When growing food, there are several minibeasts that are great for the garden and will help your plants but there are also minibeasts that will find all of your food delicious and eat them before they have the chance to grow!
Below is a guide of some of these garden pests and friends, along with a few ideas of environmentally friendly pest control methods.
Garden Pests

Slugs and snails are plant eaters. They munch on lots of our plants, often killing them.
Control method: Put broken egg shells or ground coffee around the base of the plant. Copper tape can also be used around the top of plant pots.

Caterpillars are plant eaters- they live on their ‘food plant’ eating it to build up energy for its transformation into butterfly/moth.
Control method: Look out for eggs and remove infested leaves, use netting to cover plants.

Aphids and Blackfly are sap suckers- tiny insects that drink the sap from the plant. Can infest a plant in high numbers and weaken it and affect it’s growth and production of fruit.
Control method: Blast with water/squash, encourage ladybirds and hoverflies, remove infested parts of plants.

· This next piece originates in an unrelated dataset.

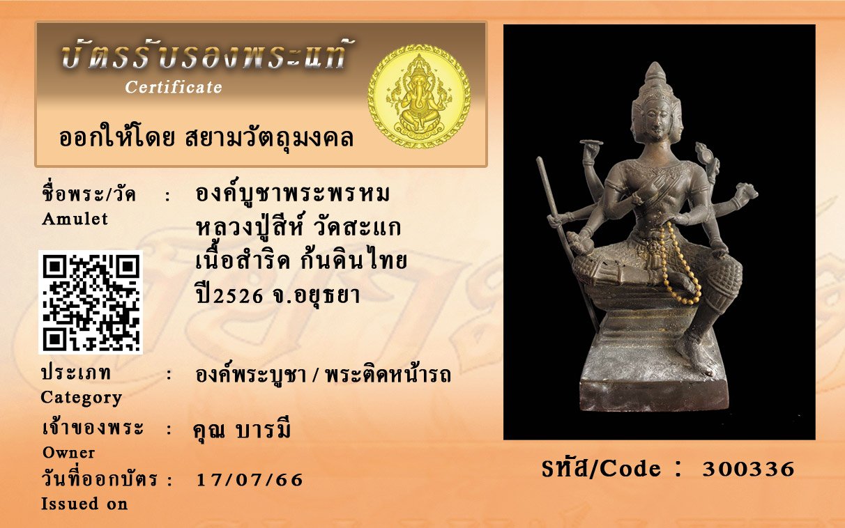 รหัสสินค้า : 300336 องค์บูชาพระพรหม หลวงปู่สีห์ วัดสะแก เนื้อสำริด ก้นดินไทย ปี2526 จ.อยุธยา

Butterflies are egg layers- while good for pollination, butterflies also use plants as a nursery for their babies and lay their eggs on specific plants.
Control method: Put netting over plants like cabbages to stop butterflies laying eggs
Garden Friends

Earthworms are composters – they help recycle nutrients by breaking down materials. Great in your compost bin!

Ladybirds are an aphid assassinator – adult ladybirds and their larvae eat lots of pests including aphids and mites

Hoverflies looks like a wasp but is completely harmless and it’s maggot-like larvae munches aphids by the dozen before emerging as an adult

Bibble-bugs, tiggy-hogs and fairy’s pigs are all former names for the woodlouse. These creatures are important in the breakdown of plant material. By eating decaying matter they help to retain nutrients in the soil

Lacewings are great predators – both the adult and ferocious looking larvae eat aphids, mites, leafhoppers and scale insects

Wasps are an unexpected guest – The grubs of the wasp are fed almost entirely on caterpillars and other insects so having a nest near-by can help keep a huge range of pests away.